İLK DERECE MAHKEMESİNİN KARARININ ÖZETİ:İlk derece mahkemesince yapılan yargılama sonucunda, davalı aracı kurum tarafından davacının bilgisi ve onayı olmadan davacının zararına olacak şekilde işlem yapıldığı ve bu durumun SPK mevzuatına aykırı bulunduğu, bu nedenle davacının zarara uğradığı ve alacak talebinde haklı olduğu, ancak ıslah talebinin haklı görülmediği gerekçesiyle davanın kabulüne karar verilmiştir.
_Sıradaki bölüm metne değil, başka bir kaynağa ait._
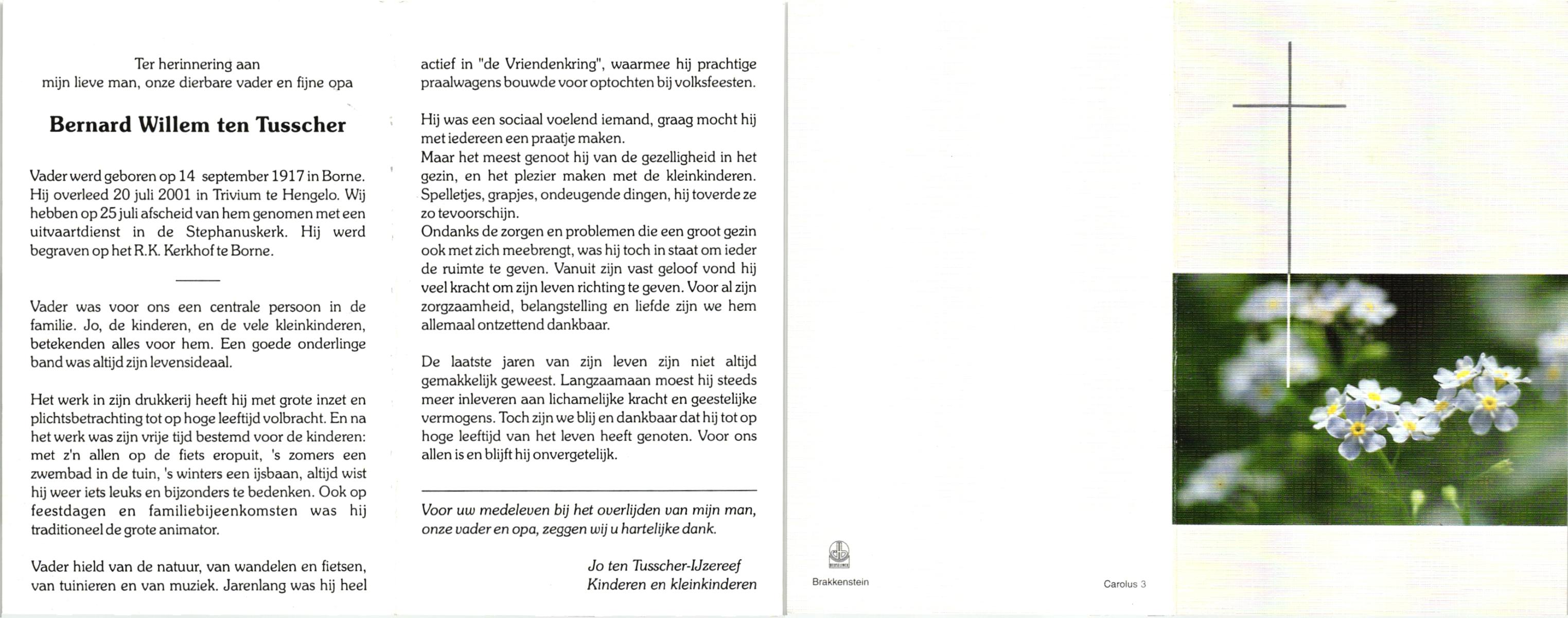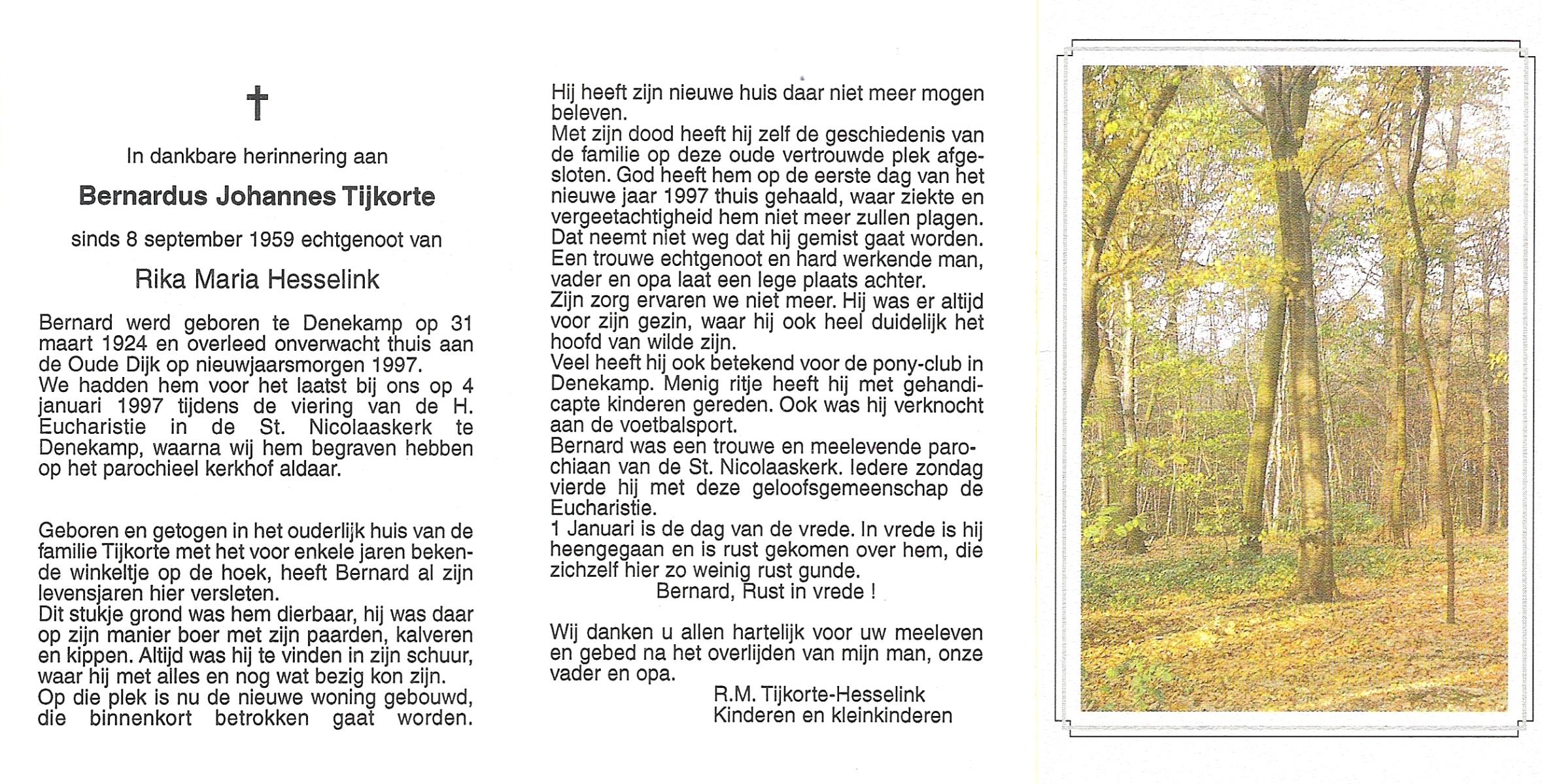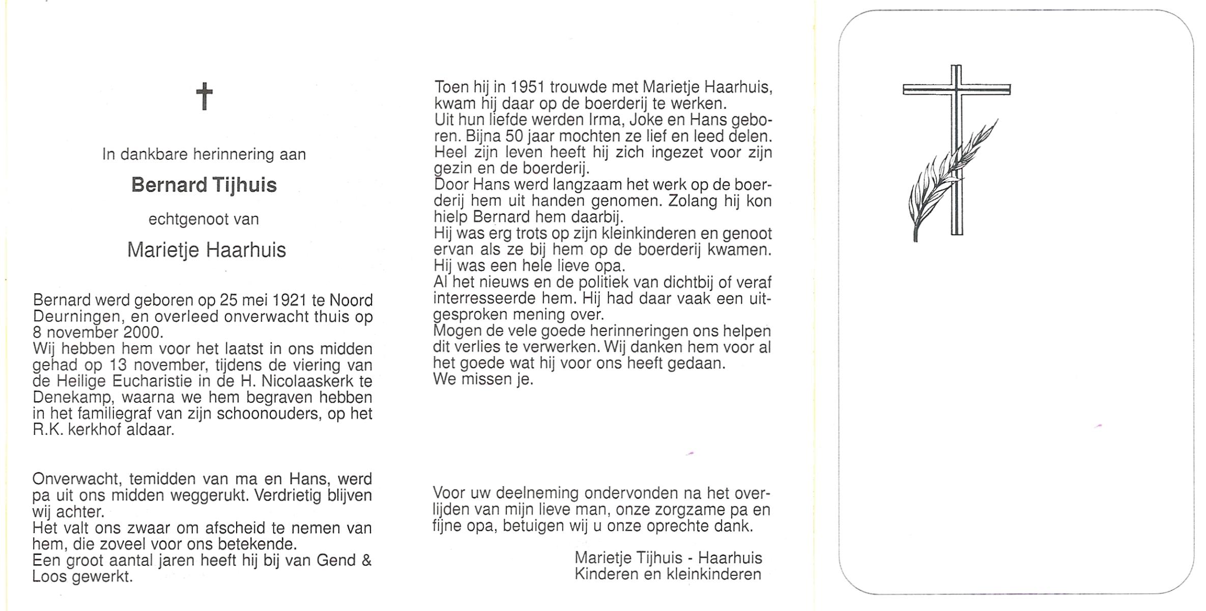 TIJHUIS, Bernard, geboren op 25-5-1921 te Noord Deurningen, overleden op 8-11-2000 te Noord Deurningen op 79-jarige leeftijd, begraven op 13-11-2000 te Denekamp R.K.kerkhof.

İSTİNAF SEBEPLERİ: Davacı vekili istinaf dilekçesinde özetle; kısmi davanın ıslah edilemeyeceğine dair yasal bir düzenleme olmadığı gibi aksine Yargısal içtihatlarla ıslah edilebileceğinin kabul edildiğini, bu nedenle ıslah doğrultusunda davanın kabulü gerekirken ıslah talebinin dikkate alınmamasının doğru olmadığını, ayrıca davalı ihtarname ile temerrüde düşürülmüş iken dava tarihinden itibaren faize hükmedilmesinin de doğru olmadığını belirterek hükmün kaldırılmasını ve ıslah doğrultusunda davanın tümden kabulünü istemiştir.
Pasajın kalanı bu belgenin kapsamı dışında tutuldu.